Product Management Fundamentals

  • Translating unmet customer needs into crisp technical requirements.

  • Understanding and empathizing with customer pain.

  • Balancing the use of data with product/market/customer intuition to drive decisions.

  • Running effective meetings

  • Influencing without authority.

Customer Centricity > Data Science?

Understanding how Al fits in today's world

“Companies that understand how to apply machine learning will be best positioned to scale and win their respective markets over the next decade.” Peter Skomoroch

Context Setting

Understanding how Machine Learning fits in

Deep learning theory is used to obtain unstructured data, for example, as classifiers. The simplest use of deep learning is to classify images and text in real life.

ML Product Development Lifecycle

Scope definition is where the team comes together to understand the challenges they face with regards to visioning AI products and try to predict the efforts that will be involved. Experimentation happens just like any other product development life cycle. The team will need to create a prototype, but instead of creating a simple functional product, the team will need to choose the right approach to use the available data or choose a mathematical model that shows the best results in training. The main part of the work at this stage is related to the formation of the data necessary to train the pretrained model.

We often take pre-trained models, shape data that fits into them, and then try to get the best possible results.
The model will be tested in production with real data coming into it.

And then either the model delivers the expected output with the level of confidence that the team saw during the training phase, or it fails due to differences between the actual data the model receives and the training data that is used. If not, the team needs to return to the drawing board.
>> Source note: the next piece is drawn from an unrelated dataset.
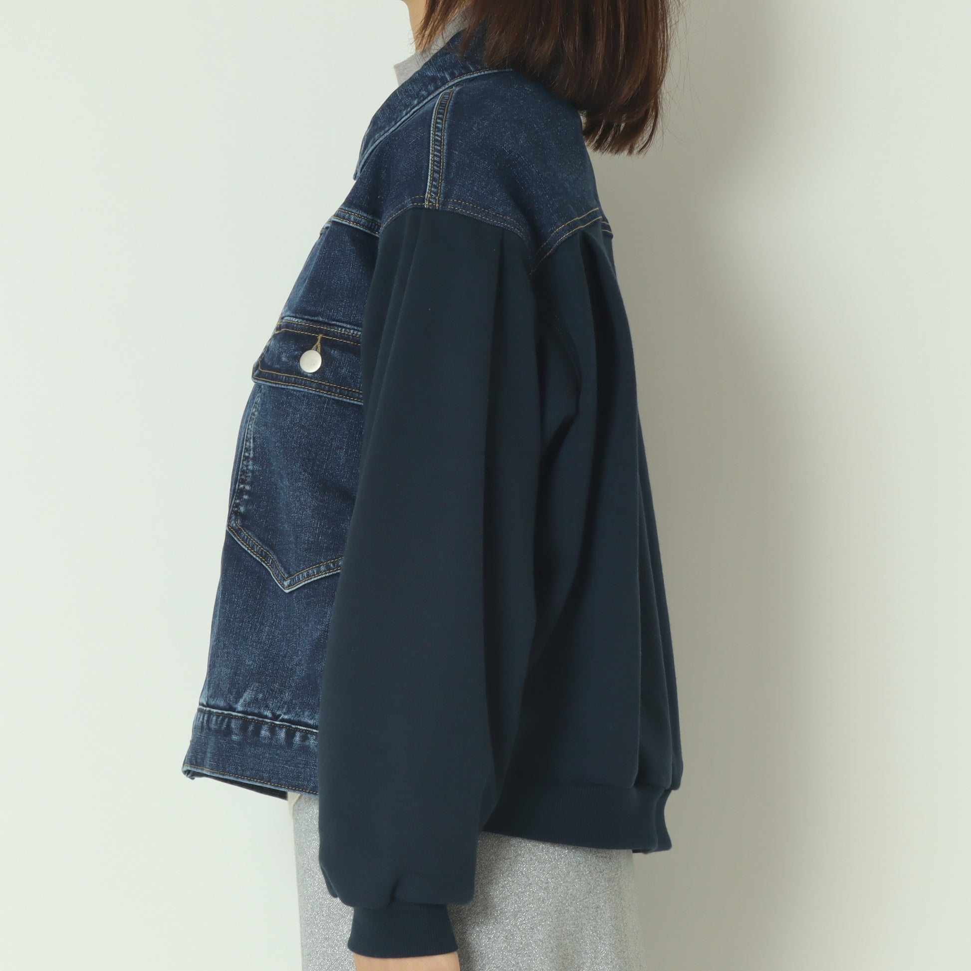 ジャージー素材を掛け合わせ、着心地を良くしたデニムジャケット。

Basics of building an ML – ready dataset

A dataset is what makes up 90% to 95% of the work needed for any AI or Machine Learning project, and this is true for any data science project.

ML and Statistics

Basics of building an ML – ready dataset

You cannot advance in ML without understanding the structure of CRISP-DM.
AI projects require feedback from both the product development process and the AI ​​products themselves.
Because AI products are based on research, experimentation and iterative development are necessary. Unlike traditional software development in which inputs and outcomes are often deterministic, the development life cycle is probabilistic.

Understanding data is a huge part of the lifecycle of any product. Its completion is one of the strongest indicators of future success.
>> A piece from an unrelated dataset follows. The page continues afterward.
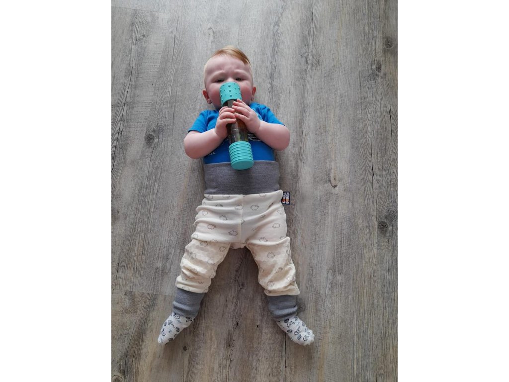 Dětské kalhoty ve velikosti 86 s protiskluzovou vrstvou na kolenou pro pohodlné lezení v interiéru. Když děti začínají lézt, jsou nestabilní a na plovoucí podlaze, nebo na linu jim to klouže a mohou se uhodit. Protiskluzová vrstva na kolenou jim pomůže zajistit stabilitu. Kalhoty mají lem v pase i na nohavicích a přehnutím, nebo natažením je lze používat delší dobu než kalhoty klasické - vydrží i přes dvě velikosti. Kalhoty vyrábíme v ČR z bavlny. Lze je prát otočené naruby v pračce při 40 °C, protiskluzová kolena se nesmí žehlit.

The product manager often has to balance the investment of resources against the risks of moving forward without fully understanding the data available to them. Obtaining data is also extremely difficult, especially in regulated industries. Once the data is in, the AI ​​product manager's goal is to be able to guide data scientists, analysts, and domain experts to evaluate product-centric data and design a meaningful experiment. The goal is to make sure that there is a measurable signal about what data exists. A clear understanding of the relevance of this data, a clear vision of where to focus your efforts when developing features. One of the most complex and important phases of every AI project is data processing and feature engineering.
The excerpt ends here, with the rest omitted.